I castelli, le torri stendono le radici,
si aggrappano al vuoto
tracciando nel cielo scuro un solco d’aeroplano:
chi mai ci getta un seme, chi ne raccoglie il grano?
Sul volto duro di pietra – la rete di cicatrici.
Nell’orto abbandonato fanno festa le piante grasse,
un povero contadino di rado davanti passa
portando il cestino in mano
con dentro la terra scarsa.
12-21.04. 2024
8 luglio. Kyiv
Dammi la tua mano
quando la via finisce
e non rimane
che una manciata di cenere
lì,
dove fioriva
il biancospino del tuo cuore
aperto dal bisturi
nella sala del Purgatorio.
Il fogliame sussurra
nell’orecchio del Dio –
una conchiglia dell’Universo
spinge fuori un urlo del mollusco,
un piagnucolìo
del granello minuscolo,
un fruscìo
di una vita
portata
via.
11.07.2024
Una mattina di settembre
I lampioni della stradina che porta al mare
scintillano nei raggi sbiaditi del sole autunnale,
le chiome dei tigli ancora verdi
tacciono sul viale stretto e gobbo,
corre un topo verso il fiumicello,
le formiche costruiscono il castello,
le onde si infrangono sulla riva,
ponendo il vello d’oro nelle impronte lievi
dei nostri piedi e quelle
sciogliendosi in un istante
divorano i ricordi dell’appassita estate,
la sabbia si chiude, poi diventa liscia,
specchia il cielo, se ne imbeve…
e sembra che noi
non fossimo mai esistiti
né qua, né altrove,
e il mondo si crea daccapo,
e piove, guarda, che piove!
16-17.09.2024
La mia paura
Avevo sempre paura di non riuscire a volerti bene
quando non ho ancora vissuto il mio futuro
con dentro il suono dei caccia e il canto delle sirene,
avevo sempre paura e mi dicevo:
“Non ce la faccio a stare così lontano
dal mondo che non esisteva
più
e in questo, appena nato,
a non riuscire a cominciare da zero,
a non trovare, a perdere,
a non sapere dove cercare,
ad essere incapace di dire quello
che pensavo davvero
e alla fine a non trattenermi”, –
scommetto
che non aspettavi, che vedevi
una
che non sono mai stata affatto.
E volavo
dopo aver colmato i miei polmoni di vento,
dopo essermi sentita strapiena o stravuota,
ma nonostante tutto
continuavo ad avere paura:
“Non ce la faccio a volerti bene.”
Ed io, sciocca, credevo che una volta sola
avessi avuto paura –
Il 24 febbraio del ’22…
Forse è la stessa paura
trasformata in te, nella sorte,
può darsi che sia
la nostra solita paura di morte?
Altrimenti come potevo
volerti bene se la mia vita d’allora
non ti prevedeva ancora,
neanche me,
figuriamoci noi due!
Ma quanto è dura
e continua
come si scrive
alla fine di ogni puntata
di qualche stupida telenovela.
Chissà cosa è la vita,
magari quella…
26.09-4.10.2024
Un ricordo remoto
A Julia Sholomitska
Mi regalò un anello con il paesaggio marino
e mi disse: “Sei il mio mare”.
Cosa intendevi dire, la mia divina
fanciulla con il quaderno di Bach in mano?

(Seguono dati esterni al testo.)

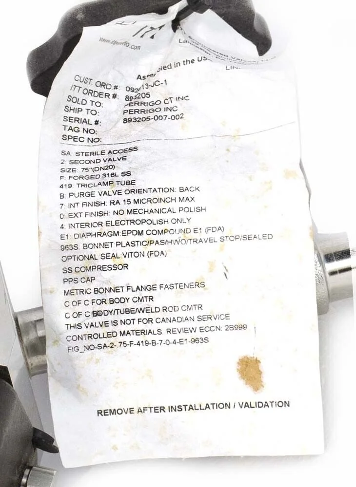 Categories: All Large Equipment Gas Regulators Sensors and Probes Process Equipment Motors Drives Transmitters Controls and Indicators Cable and Wire Electronic Components Power Supply Contactors Fuses and Relays Switches and Disconnects Lab Equipment PLC Modules and HMI Modules HMI Allen Bradley Modules HMI Buttons and Switches Contactors and Relays PLC Cards Valves Pressure Relief Valves Actuators Bonnets Solenoid Valves Butterfly Valves Diaphragm Valves Ball Valves Pumps Valves Pressure Relief Valves | Actuators | Bonnets | Solenoid Valves | Butterfly Valves | Diaphragm Valves | Ball Valves | SMC SS5Y5-45FD-04D-N7 Manifold Base w/ Four SY5140-5FU & 24VDC Comm Connector $115.00 SMC SS5V1-16FD1-05U-C6 Pneumatic Manifold Assembly Block with SV1A00-5FUD (5X) $125.00 PBM Pneumatic Rack and Pinion Spring Return Actuator PAVCL453S--0075 $200.00 PBM Pneumatic Rack and Pinion Spring Return Actuator PAVCL453S--0052 $140.00 NovAseptic NA76/150 Manual Actuator With Certificate ASTM 303 Stainless Steel $550.00 Sold Out Inline Pneumatic Actuator AP-SR-63-B-N 116 psi $150.00 Habonim TuBore 316L Stainless Steel 2" Sanitary Ball Valve Body $175.00 Sold Out GEMU Pneumatic Dual Diaphragm Valve 3/4" Tri Clamp w/ 3/4" NPT Sample Port $300.00 GEMU Pneumatic Dual Diaphragm Valve 3/4" Tri Clamp w/ 1/2" NPT Sample Port $300.00 GEA Varivent Hygenic Valve 2" Upper Housing 1.5" Lower Housing Welded Seat Ring $450.00 GEA Varivent Hygenic Valve 1.5" Upper Housing 1.5" Lower Welded Seat Ring $450.00 GEA Varivent Hygenic Valve 1.5" Upper Housing 1.5" Lower Welded Seat Ring $450.00 Flo-Tite 3" 316L CF3M SS 1000 WOG S300 Series Ball Valve Tri Clamp $300.00 Flo-Tite 3" 316L CF3M SS 1000 WOG Actuated Ball Valve Tri Clamp $500.00 Flo-Tite 2" 316L CF3M SS 1500 WOG Actuated Ball Valve Tri Clamp $350.00 Flo-Tite 2" 316L CF3M SS 1500 WOG Actuated Ball Valve Tri Clamp $250.00 FESTO VIGM-03-7,0 18742 Manifold Connector Block $20.00 Festo MTH-5/2-7,0-L-S-VI 151700 Solenoid Valve $35.00 FESTO CPV10-VI 6 Valve Pneumatic Solenoid Block $80.00 FESTO CPV10 Valve Manifold 4 Block 2 Solenoid Valves 161416 $75.00 FESTO 8 Valve Block 161362R202 and 161362R102 $200.00 Dixon Valve 3" CF8M SS 1000 WOG Ball Valve Tri Clamp $200.00 CKD Valve 3GB2669R-00-A2NHE-3 16 Valve Solenoid Block $200.00 Box of 20 Used PISCO BVC20-1/4-N2U Ball Valves $80.00 Belimo TR24-3-T Valve Acuator with 1/2" B210B Valve $90.00 Assured Automation 3/8" Brass High Pressure Pneumatic Coax Valve 3 Way 2 Posi... $250.00 ASCO Red Hat WBIS8316A382V/WBIS8003A300 Stainles Steel 3/8 3 Way Solenoid Valve $250.00 ASCO Red Hat II Solenoid Valve Rebuild Kit No. 302925 1/4" Pipe $60.00 ASCO Red Hat II Solenoid Valve Rebuild Kit No. 123670 1/4" Pipe $60.00 ASCO Red Hat II Solenoid Valve EF8003G1 3/8" Pipe $75.00 ASCO Red Hat II 238210-032D 8262G6 Solenoid Valve: 1/8" Pipe $20.00 Aquasyn 316L Stainless Steel 1.5" Manual Valve Bonnet $30.00 Aquasyn 316L Stainless Steel 1" Manual Valve Bonnet $30.00 Allen Bradley 1771-OW Selectable Contact Output Module $70.00 Sold Out 6" 316L Stainless Steel Pneumatic Actuated Butterfly Valve Tri Clover, Inc. $400.00 4" 316L Stainless Steel Pneumatic Actuated Butterfly Valve Tri Clover, Inc. $200.00 4" 316L Stainless Steel Pneumatic Actuated Butterfly Valve Tri Clover, Inc. $200.00 3" 316L Stainless Steel Pneumatic Actuated Butterfly Valve Tri Clover, Inc. T... $125.00 3" 316L Stainless Steel Pneumatic Actuated Butterfly Valve Tri Clover, Inc. $125.00 2.5" CF8M SS 1000 WOG Actuated Ball Valve Tri Clamp $200.00 2.5" 316L Stainless Steel Pneumatic Actuated Butterfly Valve Tri Clover, Inc. $150.00 2" 316L Stainless Steel Pneumatic Actuated Butterfly Valve Tri Clover, Inc. $150.00 1.5" CF8M SS 1000 WOG Actuated Ball Valve Tri Clamp $200.00 1.5" CF8M SS 1000 WOG Actuated Ball Valve Tri Clamp $200.00 1.5" CF8M SS 1000 WOG Actuated Ball Valve Tri Clamp $175.00 1.5" 316L Stainless Steel Pneumatic Actuated Butterfly Valve Tri Clover, Inc. $125.00 SPIRAX SARCO DCV3-DN20 Check Valve Disk Assembly New in Box $50.00 Worcester Controls Series 40 Model 10 Acuator With 1/2" Ball Valve Buttweld &... $399.00 Sold Out Tour Andersson STAG Balancing Valve 4" ASTM 60-40-18 GROOVED $250.00 Sold Out Westlock Controls 99P2 Valve Position Monitor 99P21A00000 $150.00 Sold Out Swagelok 316L BPE SFV4 SS Point of Use Valve 1" Sanitary Connections Hose Barb $200.00 Waukesha Cherry-Burrell W81T 1" Sanitary Shutoff Valve 316L SS Steam Trace $900.00 Waukesha Cherry-Burrell W81T 1" Sanitary Shutoff Valve 316L SS Steam Trace $900.00 SVF 1" 316L Stainless Steel Ball Valve Sanitary Tri Clamp $60.00 PISCO BVC60-3/8-N2U 150psi Quick-Fitting Shut-off Ball Valve NPT 1/4 $20.00 Numatics 10 Solenoid Valves L01SA459O013A30 150 PSIG-AIR on Block $250.00 Sold Out QSM Tru-Flow 1.5" CF8M SS 1000 WOG Actuated Ball Valve Tri Clamp $200.00 QSM Tru-Flow 2.5" CF8M SS 1000 WOG Actuated Ball Valve Tri Clamp $450.00 QSM Tru-Flow 3" CF8M SS 1000 WOG Actuated Ball Valve Tri Clamp $450.00 QSM Tru-Flow 3" CF8M SS 1000 WOG Actuated Ball Valve Tri Clamp $600.00 Sold Out SMC Solenoid Valve VQZ332-5M-C6 0.15-0.7MPa $15.00 SMC NVFS2110-5DZ Solenoid Valve 0.1-1.0MPa Supply 15-145PSI $20.00 Proportion Air PSR-4 Pressure Regulator w/ QB1TFEE100 Pilot Valve Regulator $120.00 Sold Out Parker SWB Series 1/2" Two Way Ball Valve $99.00 SMC 5 Valve Solenoid Block (2) SV2A00-5FUD, (2) SV2B00-5FUD, (1) SV2C00-5FUD $200.00 SMC Solenoid Block 11 Valves SV1A00K0-5FUD $200.00 SMC Solenoid Block 10 Valves SV1A00K0-5FUD $200.00 SMC Solenoid Block 3 Valves SV1A00K0-5FUD $60.00 Parker Stainless Solenoid Valve 71315SN2GNJ1N0S100P3 1/8" NPT 3-Way NC 120 Volt $80.00 ITT 1/2" 316L Stainless Steel Sanitary Butt Weld Diaphragm Valve $50.00 Leser Type 483 1" Spring Loaded Clean Service 316L SS Safety Relief Valve $1,100.00 Sold Out Kunkle 911B Stainless Steel 1/2" Pressure Release Valve $300.00 ITT Dia-Flo Actuator Corrosion Resistant DI White Epoxy Coating for 1.5" Valve $400.00 ITT Dia-Flo Actuated 2" Valve Corrosion Resistant DI White Ep

In mezzo alla foschìa color di rosa e panna
nel tuo vecchio giardino, la mia cara compagna,
la mia dolce alunna con gli occhi mansueti da gazzella,
la figlia raffinata di luna, mi versavi il tè tra le stelle…
La gatta mi sorrideva, il cane scodinzolava,
e tu per me suonavi, e il mare ti ascoltava.